Love the healthy Lab being the Guard Dog.     I've got two Labs......one is very healthy and the other jost big.   Love the shop!!  Enjoy


----------



## Geffellz18 (Sep 21, 2022)

Thanks!
I think she thought it was her new dog house before I skinned it out, ?! She’d get on the OSB to sleep.

Had to take a break from finishing the final details during the summer to get the kitchen and flooring on the main level completed!
Was back on it this weekend, started on the flooring so I can finally get the tools moved in from the garage! 
NOT the easiest flooring I have installed…Probably why it was on clearance so cheap-was about half of what another layer of OSB would have cost at the time and much more rigid! Just over halfway done… plan to finish this weekend and start moving tools in…
Finally!


----------



## RedHills (Sep 22, 2022)

I hate it when someone makes a point about something, that I may not be able to reset and consider....there really should be a vapor barrier between that flooring and the osb. Regardless of whats underneath it ground side. Get a fan in it before the tools also for circulation. Fall/winter is the hardest time to control moisture, your tools will thank you.
You've come a long way. Good job you'll love it!


----------



## Geffellz18 (Sep 25, 2022)

No worries @RedHills ….I appreciate when folks are trying to be helpful & supportive-which I feel you were.
I thought of that then decided that the attached underlayment(albeit minimal!) may be sufficient for the application. I’m not too worried about the  flooring condition over time.

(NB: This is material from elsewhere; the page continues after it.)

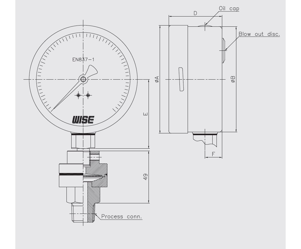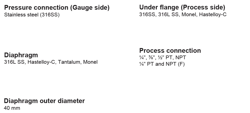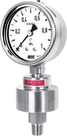 제품 개요 P701 시리즈는 압력 게이지와 결합되는 다이어프램 씰용으로 설계되었습니다. 화학 및 식품 공정에서 부식성, 오염성, 고온 또는 점성 압력 매체에 적합합니다. 제작 사양 Accuracy P2522 (63 mm) and P2523 (80 mm) : ±1.6% of full scale P2524 (100 mm) : ±1.0% of full scale Scale range (MPa, kPa, bar) -0.1 ~ 0 to -0.1 ~ 2.4 MPa 0 ~ 0.1 to 0 ~ 3.5 MPa Filling liquid Silicone oil Working pressure Steady : 75 % of full scale (63 and 80 mm) 100 % of full scale (100 mm) Over range protection : 130 % of full scale Working temperature Ambient : -20 ~ 65 °C Fluid : Max. 100 °C Degree of protection EN60529/IEC529/IP65 Temperature effect Accuracy at temperature above and below the reference temperature (20 ℃) will be effected by approximately ±0.5 % per 10 ℃ of full scale
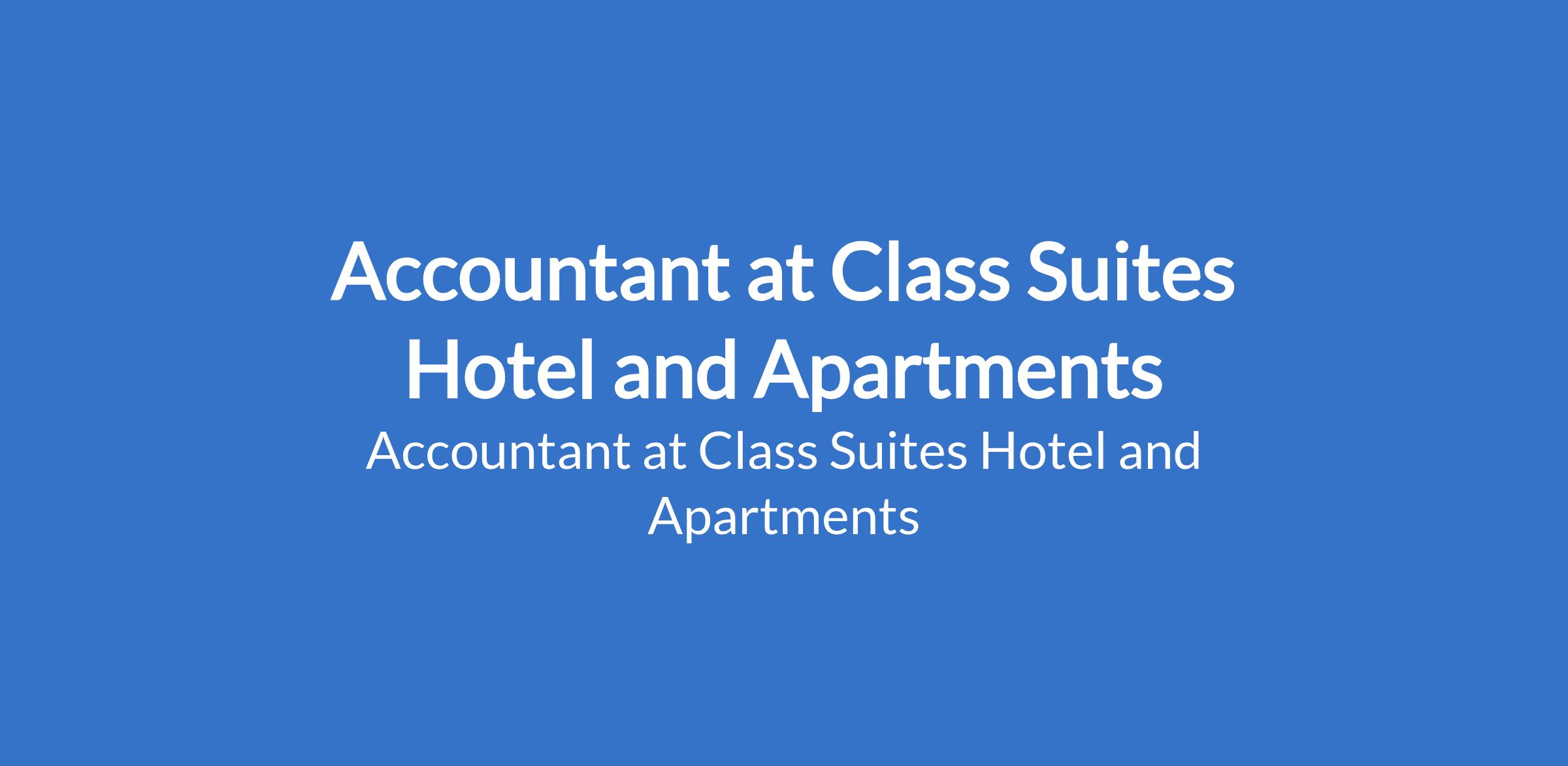 Accountant at Class Suites Hotel and Apartments

I know it’s going to get a lot of wear and tear being the workshop floor.
I truly only bought it because the OSB had a few soft spots when you walked on it and this flooring was on clearance & was significantly cheaper than buying another layer of OSB at the time I purchased it.
Did get it finished up today however plus a huge accomplishment for me personally-We have light & power, complete with three way switches for the lights! That wiring was a doozy!
Bulbs used were just for testing


----------